== INFORMATION SUPPLIED
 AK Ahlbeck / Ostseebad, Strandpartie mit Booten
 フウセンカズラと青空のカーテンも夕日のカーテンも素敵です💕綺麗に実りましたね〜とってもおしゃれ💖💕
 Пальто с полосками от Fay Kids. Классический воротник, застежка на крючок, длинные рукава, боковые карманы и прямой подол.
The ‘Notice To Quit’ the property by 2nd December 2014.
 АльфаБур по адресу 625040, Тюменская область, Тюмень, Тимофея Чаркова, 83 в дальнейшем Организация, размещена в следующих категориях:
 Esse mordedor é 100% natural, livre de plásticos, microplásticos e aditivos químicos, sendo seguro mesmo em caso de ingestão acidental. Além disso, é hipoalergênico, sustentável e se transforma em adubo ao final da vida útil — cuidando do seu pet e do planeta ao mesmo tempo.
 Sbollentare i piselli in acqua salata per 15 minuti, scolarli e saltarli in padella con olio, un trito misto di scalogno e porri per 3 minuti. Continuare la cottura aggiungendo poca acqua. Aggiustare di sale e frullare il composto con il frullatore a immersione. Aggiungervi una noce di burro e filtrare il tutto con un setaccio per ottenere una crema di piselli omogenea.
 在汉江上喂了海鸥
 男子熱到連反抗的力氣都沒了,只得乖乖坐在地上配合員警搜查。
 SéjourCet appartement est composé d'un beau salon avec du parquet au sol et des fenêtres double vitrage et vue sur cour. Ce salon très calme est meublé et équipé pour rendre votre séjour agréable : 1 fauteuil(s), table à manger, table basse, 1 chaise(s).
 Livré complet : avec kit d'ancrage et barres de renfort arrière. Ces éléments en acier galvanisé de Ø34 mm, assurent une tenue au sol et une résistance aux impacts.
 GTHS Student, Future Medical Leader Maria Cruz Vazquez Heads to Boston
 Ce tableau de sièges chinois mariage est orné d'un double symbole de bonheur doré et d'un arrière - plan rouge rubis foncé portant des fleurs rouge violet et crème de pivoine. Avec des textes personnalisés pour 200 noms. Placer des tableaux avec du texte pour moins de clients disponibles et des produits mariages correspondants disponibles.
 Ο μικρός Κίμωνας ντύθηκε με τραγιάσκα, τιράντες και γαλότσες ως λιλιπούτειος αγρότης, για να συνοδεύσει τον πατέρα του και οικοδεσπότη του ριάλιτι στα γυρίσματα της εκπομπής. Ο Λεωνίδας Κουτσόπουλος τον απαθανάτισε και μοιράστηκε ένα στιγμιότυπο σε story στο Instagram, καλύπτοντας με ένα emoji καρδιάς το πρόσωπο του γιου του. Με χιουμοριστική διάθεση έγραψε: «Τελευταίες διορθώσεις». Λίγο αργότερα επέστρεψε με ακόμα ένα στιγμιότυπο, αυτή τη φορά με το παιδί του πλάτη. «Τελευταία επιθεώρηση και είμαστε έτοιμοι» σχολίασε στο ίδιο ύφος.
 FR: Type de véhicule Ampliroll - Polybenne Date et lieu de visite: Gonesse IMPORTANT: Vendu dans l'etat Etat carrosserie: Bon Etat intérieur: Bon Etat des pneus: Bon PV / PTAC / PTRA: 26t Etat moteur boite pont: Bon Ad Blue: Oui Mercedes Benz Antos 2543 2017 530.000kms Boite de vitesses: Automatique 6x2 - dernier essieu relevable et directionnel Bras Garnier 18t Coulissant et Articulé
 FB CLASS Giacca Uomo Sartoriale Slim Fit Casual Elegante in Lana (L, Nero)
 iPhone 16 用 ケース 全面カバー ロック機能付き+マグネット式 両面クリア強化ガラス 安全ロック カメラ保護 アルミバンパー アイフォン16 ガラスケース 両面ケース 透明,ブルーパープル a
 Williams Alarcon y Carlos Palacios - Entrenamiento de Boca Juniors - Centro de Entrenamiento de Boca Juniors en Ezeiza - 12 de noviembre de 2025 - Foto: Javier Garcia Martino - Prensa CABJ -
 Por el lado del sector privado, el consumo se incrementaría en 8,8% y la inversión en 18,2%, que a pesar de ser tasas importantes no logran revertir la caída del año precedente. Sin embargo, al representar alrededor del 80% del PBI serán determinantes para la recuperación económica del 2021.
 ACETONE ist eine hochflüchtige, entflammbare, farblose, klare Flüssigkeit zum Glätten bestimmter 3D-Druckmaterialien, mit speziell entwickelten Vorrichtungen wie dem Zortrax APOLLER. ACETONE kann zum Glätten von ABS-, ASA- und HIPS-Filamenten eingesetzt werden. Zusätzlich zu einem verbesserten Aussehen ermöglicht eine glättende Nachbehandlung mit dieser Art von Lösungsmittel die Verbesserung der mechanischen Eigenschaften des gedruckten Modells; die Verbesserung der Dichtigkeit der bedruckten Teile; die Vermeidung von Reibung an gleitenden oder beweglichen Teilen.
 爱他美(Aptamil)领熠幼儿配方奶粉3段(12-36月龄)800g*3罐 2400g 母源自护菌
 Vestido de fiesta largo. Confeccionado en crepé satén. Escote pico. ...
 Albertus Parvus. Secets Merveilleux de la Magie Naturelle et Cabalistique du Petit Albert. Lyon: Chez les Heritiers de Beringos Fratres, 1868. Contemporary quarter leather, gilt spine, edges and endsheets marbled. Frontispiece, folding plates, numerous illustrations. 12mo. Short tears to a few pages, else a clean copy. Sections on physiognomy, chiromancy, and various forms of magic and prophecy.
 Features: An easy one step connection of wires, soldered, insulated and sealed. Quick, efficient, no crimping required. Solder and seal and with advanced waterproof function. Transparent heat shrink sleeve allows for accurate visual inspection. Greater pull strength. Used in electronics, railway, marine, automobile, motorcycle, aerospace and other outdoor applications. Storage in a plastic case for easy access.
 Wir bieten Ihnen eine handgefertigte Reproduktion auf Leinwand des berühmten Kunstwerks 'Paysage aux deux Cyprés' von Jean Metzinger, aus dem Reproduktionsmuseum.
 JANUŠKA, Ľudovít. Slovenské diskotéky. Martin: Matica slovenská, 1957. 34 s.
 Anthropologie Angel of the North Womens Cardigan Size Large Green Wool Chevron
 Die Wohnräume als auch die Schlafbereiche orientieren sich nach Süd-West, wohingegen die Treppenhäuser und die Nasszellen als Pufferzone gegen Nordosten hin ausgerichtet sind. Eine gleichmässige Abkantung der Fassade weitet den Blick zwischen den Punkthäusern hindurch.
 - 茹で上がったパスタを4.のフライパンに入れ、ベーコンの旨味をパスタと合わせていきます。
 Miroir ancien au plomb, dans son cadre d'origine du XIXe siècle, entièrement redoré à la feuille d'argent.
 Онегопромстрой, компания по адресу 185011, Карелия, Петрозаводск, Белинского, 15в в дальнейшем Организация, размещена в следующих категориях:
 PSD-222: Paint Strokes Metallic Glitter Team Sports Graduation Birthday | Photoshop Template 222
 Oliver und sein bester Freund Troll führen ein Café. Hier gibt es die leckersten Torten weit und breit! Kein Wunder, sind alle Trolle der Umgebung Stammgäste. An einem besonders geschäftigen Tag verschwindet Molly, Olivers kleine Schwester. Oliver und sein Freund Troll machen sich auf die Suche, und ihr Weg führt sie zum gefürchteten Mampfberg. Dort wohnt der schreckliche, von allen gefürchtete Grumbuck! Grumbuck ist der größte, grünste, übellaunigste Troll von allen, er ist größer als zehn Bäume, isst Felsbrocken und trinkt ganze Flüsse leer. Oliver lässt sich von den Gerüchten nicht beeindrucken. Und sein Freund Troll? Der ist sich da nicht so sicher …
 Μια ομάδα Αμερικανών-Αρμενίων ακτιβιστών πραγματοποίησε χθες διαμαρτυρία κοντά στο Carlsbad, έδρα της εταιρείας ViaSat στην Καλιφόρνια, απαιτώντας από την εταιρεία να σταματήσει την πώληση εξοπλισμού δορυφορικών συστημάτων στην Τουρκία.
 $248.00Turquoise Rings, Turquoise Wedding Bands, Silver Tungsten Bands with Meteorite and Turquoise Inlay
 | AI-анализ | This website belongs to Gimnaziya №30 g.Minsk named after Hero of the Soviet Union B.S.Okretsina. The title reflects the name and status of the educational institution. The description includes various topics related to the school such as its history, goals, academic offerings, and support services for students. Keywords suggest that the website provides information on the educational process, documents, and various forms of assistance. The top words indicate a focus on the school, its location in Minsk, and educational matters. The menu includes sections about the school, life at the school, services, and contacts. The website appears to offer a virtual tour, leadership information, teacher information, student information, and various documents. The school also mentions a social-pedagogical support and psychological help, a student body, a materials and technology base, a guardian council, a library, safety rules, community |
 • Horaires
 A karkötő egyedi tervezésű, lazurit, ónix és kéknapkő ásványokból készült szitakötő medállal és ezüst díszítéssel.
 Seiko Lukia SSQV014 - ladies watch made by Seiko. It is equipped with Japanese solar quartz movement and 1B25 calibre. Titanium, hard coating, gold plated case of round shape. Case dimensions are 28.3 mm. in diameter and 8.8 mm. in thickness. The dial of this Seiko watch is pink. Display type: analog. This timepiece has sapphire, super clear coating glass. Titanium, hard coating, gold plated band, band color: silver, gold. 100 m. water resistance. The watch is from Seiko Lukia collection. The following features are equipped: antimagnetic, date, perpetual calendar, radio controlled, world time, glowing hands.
====
WORK REQUIRED: Everything above from the line containing "The ‘Notice To" down to the line containing "Ce tableau de" is to be transcribed exactly, with both of those lines included and nothing else added.

TASK OUTPUT:
The ‘Notice To Quit’ the property by 2nd December 2014.
 АльфаБур по адресу 625040, Тюменская область, Тюмень, Тимофея Чаркова, 83 в дальнейшем Организация, размещена в следующих категориях:
 Esse mordedor é 100% natural, livre de plásticos, microplásticos e aditivos químicos, sendo seguro mesmo em caso de ingestão acidental. Além disso, é hipoalergênico, sustentável e se transforma em adubo ao final da vida útil — cuidando do seu pet e do planeta ao mesmo tempo.
 Sbollentare i piselli in acqua salata per 15 minuti, scolarli e saltarli in padella con olio, un trito misto di scalogno e porri per 3 minuti. Continuare la cottura aggiungendo poca acqua. Aggiustare di sale e frullare il composto con il frullatore a immersione. Aggiungervi una noce di burro e filtrare il tutto con un setaccio per ottenere una crema di piselli omogenea.
 在汉江上喂了海鸥
 男子熱到連反抗的力氣都沒了,只得乖乖坐在地上配合員警搜查。
 SéjourCet appartement est composé d'un beau salon avec du parquet au sol et des fenêtres double vitrage et vue sur cour. Ce salon très calme est meublé et équipé pour rendre votre séjour agréable : 1 fauteuil(s), table à manger, table basse, 1 chaise(s).
 Livré complet : avec kit d'ancrage et barres de renfort arrière. Ces éléments en acier galvanisé de Ø34 mm, assurent une tenue au sol et une résistance aux impacts.
 GTHS Student, Future Medical Leader Maria Cruz Vazquez Heads to Boston
 Ce tableau de sièges chinois mariage est orné d'un double symbole de bonheur doré et d'un arrière - plan rouge rubis foncé portant des fleurs rouge violet et crème de pivoine. Avec des textes personnalisés pour 200 noms. Placer des tableaux avec du texte pour moins de clients disponibles et des produits mariages correspondants disponibles.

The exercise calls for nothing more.